And we insert this into the original sequence of expressions. This amounts to the cumbersome solution: \[\begin{aligned} \mathcal{U}\cup\{(\texttt{"N"},k)\} = (n\circ e_k \circ n\circ e_{k-1}\circ n\circ \cdots n\circ e_{1})(\{\}), \label{eq:insert} \end{aligned} (\#eq:insert)\] where the number of executed expressions is stored in N. We shall refer to n as a ‘secondary expression’, as it does not contribute to the user’s primary data flow.

The above procedure can be simplified if we define a new function composition operator $\circ_n$ as follows: \[\begin{aligned} a\circ_n b = a\circ n \circ b. \end{aligned}\] One may verify the associativity property $a\circ_n(b\circ_n c)=(a\circ_n b)\circ_n c$ for expressions $a$, $b$, and $c$, so $\circ_n$ can, indeed, be interpreted as a new function composition operator. Using this operator we get \[\begin{aligned} \mathcal{U}\cup\{(\texttt{"N"},k-1)\} = (e_k\circ_n e_{k-1}\circ_n \cdots\circ_n e_1)(\{\}), \label{eq:compose1} \end{aligned} (\#eq:compose1)\] which gives the same result as Equation @ref(eq:insert) up to a constant.

If we are able to alter function composition, then this mechanism can be used to track all sorts of useful information during the execution of $e_1,\ldots, e_k$. For example, a simple profiler is set up by timing the expressions and adding the following expression to the function composition operator.

  s: if (!exists("S")) S <- Sys.time() else S <- c(S, Sys.time())

After running $e_k\circ_s\cdots\circ_s e_1$, diff(S) gives the timings of individual statements. A simple memory profiler is defined as follows.

  m: if (!exists("M")) M <- sum(memory.profile()) else M <- c(M, sum(memory.profile()))

After running $e_k\circ_m\cdots\circ_m e_1$, M gives the amount of memory used by R after each expression.

We can also track changes in data, but it requires that the composition operator knows the name of the R object that is being tracked.
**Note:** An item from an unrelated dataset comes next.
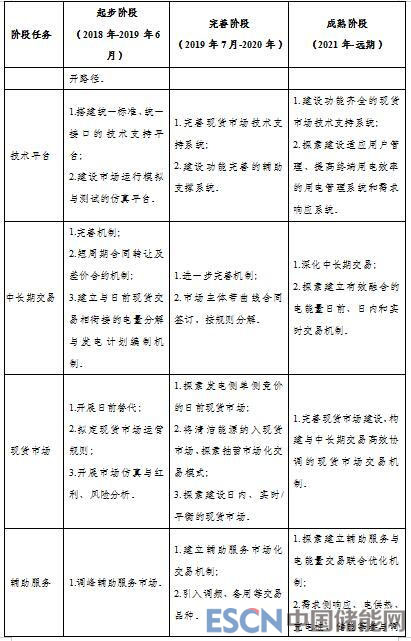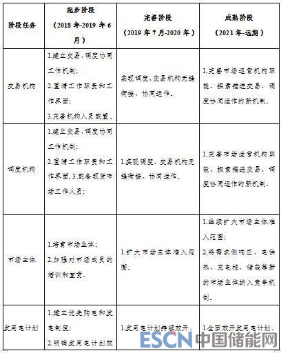 起步階段(2018年-2019年6月)建立新能源與常規(guī)火電機組、自備企業(yè)等市場主體的日前交易機制;完成發(fā)電側(cè)中長期交易合同日分解規(guī)則。
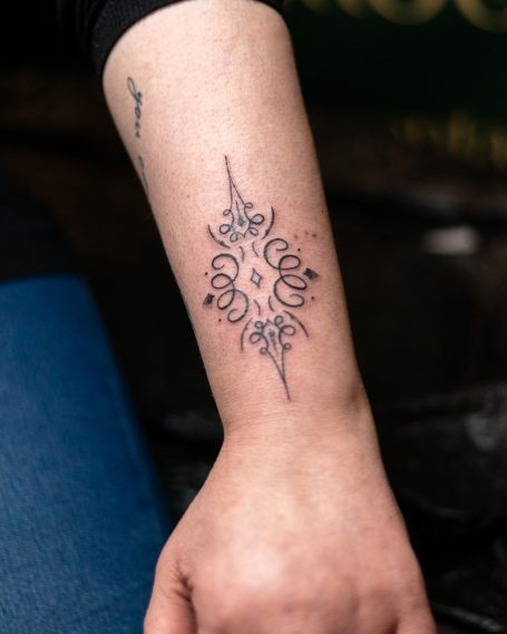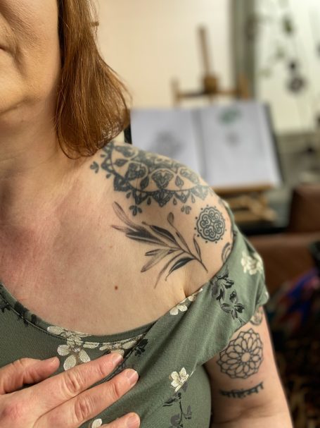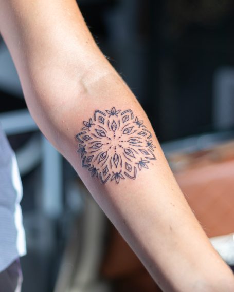 Dabei lernte ich verschiedene Stilrichtungen zu tätowieren, und spezialisierte mich auf die Umsetzung von Ornamental Tattoos, sowie Freihand Tattoos, des weiteren Dotwork und Geometrische Muster sowie Mandalas.

As an example, consider the following primary expressions.

  e1:  x <- rnorm(10)
  e2:  x[x<0] <- 0
  e3:  print(x)

We can define the following expression for our modified function composition operator.

  v:  {
        if (!exists("V")){ 
          V <- logical(0)
          x0 <- x
        }
        if (identical(x0,x)) V <- c(V, FALSE)
        else V <- c(V, TRUE)
        x0 <- x
      }

After running $e_3\circ_v e_2\circ_v e_1$, the variable V equals c(TRUE, FALSE), indicating that $e_2$ changed x, and $e_3$ did not.

These examples demonstrate that redefining function composition yields a powerful method for extracting logging information with (almost) no intrusion on the user’s common workflow. The simple model shown here does have some obvious setbacks: first, the expressions inserted by the composition operator manipulate the same environment as the user expressions. The user- and secondary expressions can therefore interfere with each other’s results. Second, there is no direct control from the primary sequence over the secondary sequence: the user has no explicit control over starting, stopping, or parametrizing the secondary data stream. We demonstrate in the next section how these setbacks can be avoided by evaluating secondary expressions in a separate environment and by using techniques we call ‘local masking’ and ‘local side-effect’.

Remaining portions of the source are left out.